Let $(\Omega, \mathscr F, P)$ be a probability space. By definition two random variables $X, Y :\Omega \to \mathbb R$ are independent if their $\sigma$-algebras $S_X := \sigma(X)$ and $S_Y := \sigma(Y)$ are independent, i.e. $\forall A \in S_X, B \in S_Y$ we have $P(A \cap B) = P(A)P(B)$.
Let $g_a(x) = I(x \leq a)$ and take $G = \{g_a : a \in \mathbb Q\}$ (thanks to @grand_chat for pointing out that $\mathbb Q$ suffices).

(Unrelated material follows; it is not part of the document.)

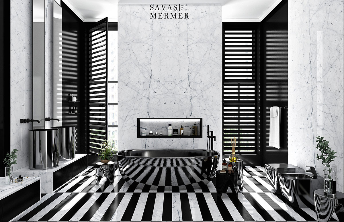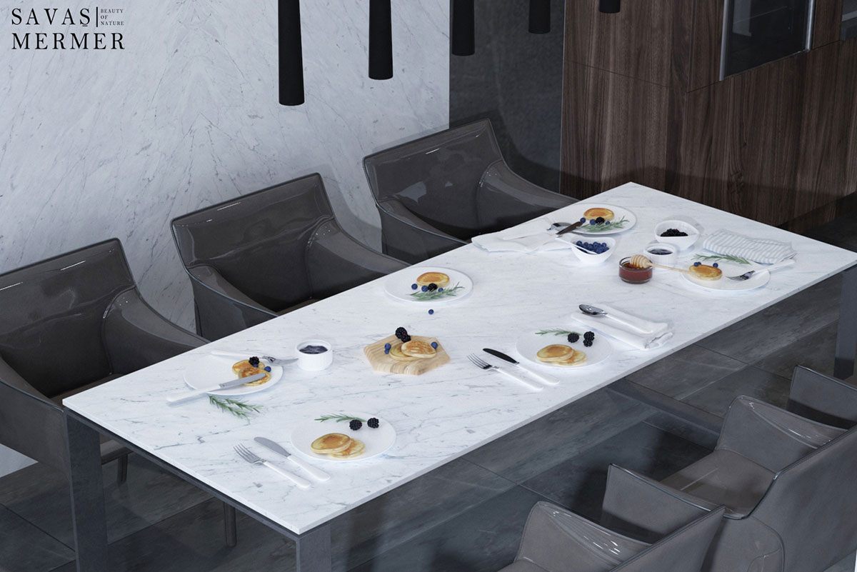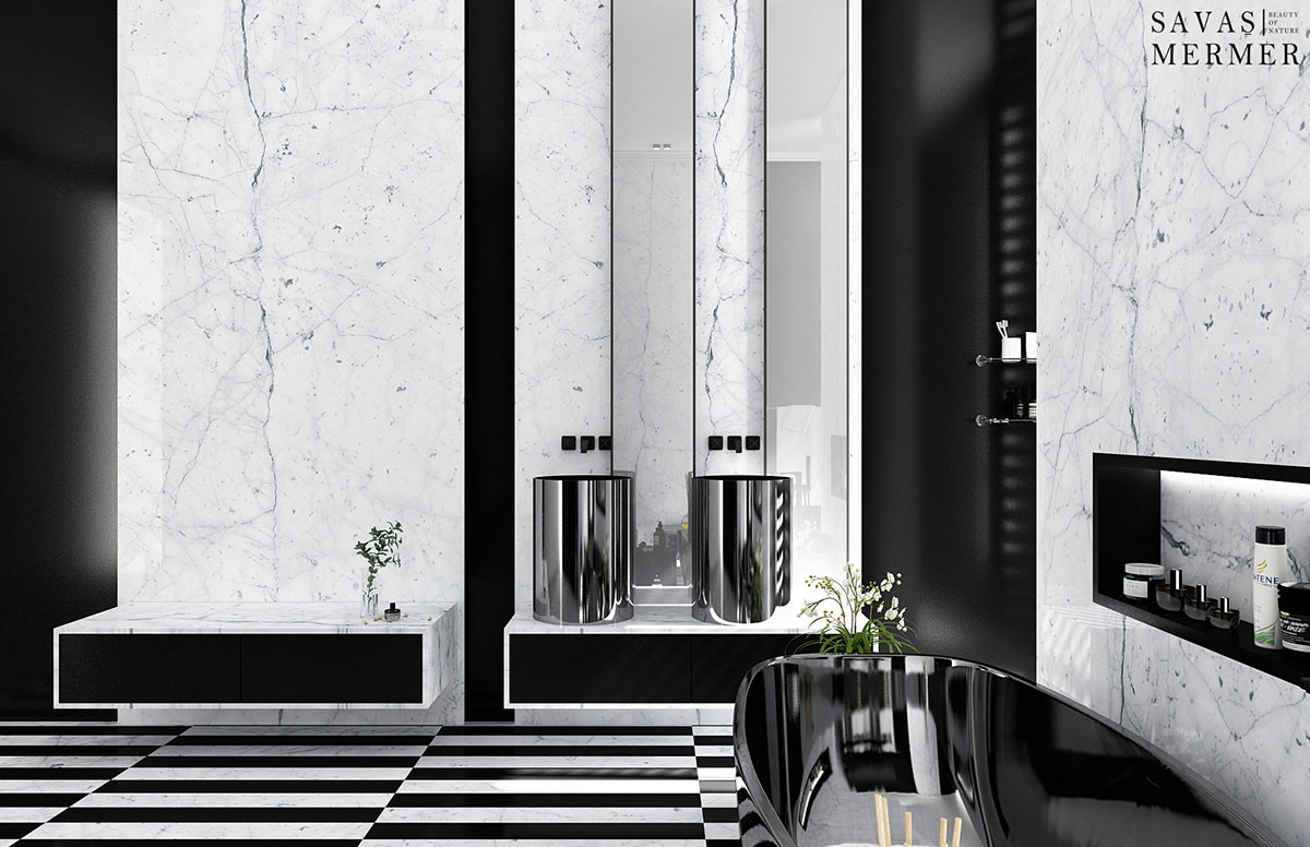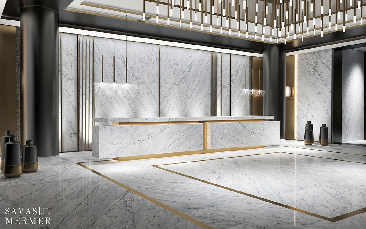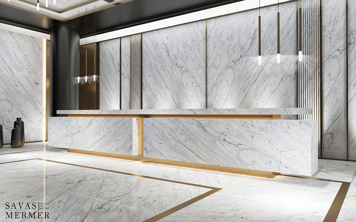 Antik çağlardan beri mermer, lüksün ve geleneğin simgesi olmuştur. Sanattan mimariye kadar çok geniş bir kullanım alanına sahiptir. Bianco Carrara mermer kireçtaşının uzun bir süre boyunca aşırı ısı ve basınca maruz kalmasıyla oluşur. Sonuçta, tüm dünyada mimaride kullanılan muhteşem bir taşa dönüşür. Bianco Carrara mermer, Calacatta mermerden daha ince damarlıdır ve kılcal çizgileri tüm taşa daha gri bir ton verir. Dayanıklılığı ve zarif görünümü, onu çeşitli uygulamalar için uygun kılan temel faktörlerdir. Fakat zarif görünümüne rağmen diğer doğal taşlara göre daha fazla bakım gerektirir. Beyaz mermer, mekanın türüne veya istenen tasarıma göre çeşitli şekillerde yüzey işlemleri yapılabilir.

Then we have
$$
E\left(g_a(X)g_b(Y)\right) = E(I(X \leq a)I(Y \leq b)) = E(I(X \leq a, Y \leq b)) = P(X \leq a \cap Y \leq b)
$$
and
$$
E(g_a(X))E(g_b(Y)) = P(X \leq a)P(Y \leq b).
$$
If we assume that $\forall a, b \in \mathbb Q$
$$
P(X \leq a \cap Y \leq b) = P(X \leq a)P(Y \leq b)
$$
then we can appeal to the $\pi-\lambda$ theorem to show that
$$
P(A \cap B) = P(A)P(B) \hspace{5mm} \forall A \in S_X, B \in S_Y
$$
i.e. $X \perp Y$.
So unless I've made a mistake, we've at least got a countable collection of such functions and this applies to any pair of random variables defined over a common probability space.